The decree introduces a risk-based regulatory framework that draws clear inspiration from the EU AI Act, but is tailored to reflect Vietnam's particular development priorities, industrial structure, and social context. It is not a wholesale copy of European regulation. It is a deliberate adaptation, and that distinction matters enormously for how the region will watch and ultimately respond.
By The Numbers
- 1 March 2026: Date Decree 13/2025 officially came into force in Vietnam
- 100 million+: Vietnam's population, underscoring the scale of the law's reach
- 1st in Southeast Asia: Vietnam is the only ASEAN nation with a binding standalone AI law currently in effect
- 10 nations: ASEAN member states watching Vietnam's framework as they develop their own AI governance approaches
- 1 new institution: Vietnam's National AI Ethics Committee established under the decree to review emerging applications and advise on policy
What the Law Actually Requires
Decree 13/2025 is built around several interlocking obligations that affect both domestic developers and foreign companies operating in Vietnam.

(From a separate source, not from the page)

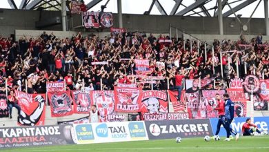 Εντυπωσιακή ατμόσφαιρα έχουν δημιουργήσει 1.000 οπαδοί του Ολυμπιακού στις εξέδρες του «AEL FC Arena«.

The core requirement is mandatory registration of high-risk AI systems with the Ministry of Information and Communications, paired with impact assessments that must be completed before any such system can be deployed.
Transparency is a central pillar. High-risk AI systems must meet disclosure requirements, meaning users and affected parties must be informed when they are interacting with, or subject to, automated decision-making. The law also introduces strict restrictions on AI-generated deepfakes, reflecting growing concern about synthetic media's role in disinformation and fraud across the region.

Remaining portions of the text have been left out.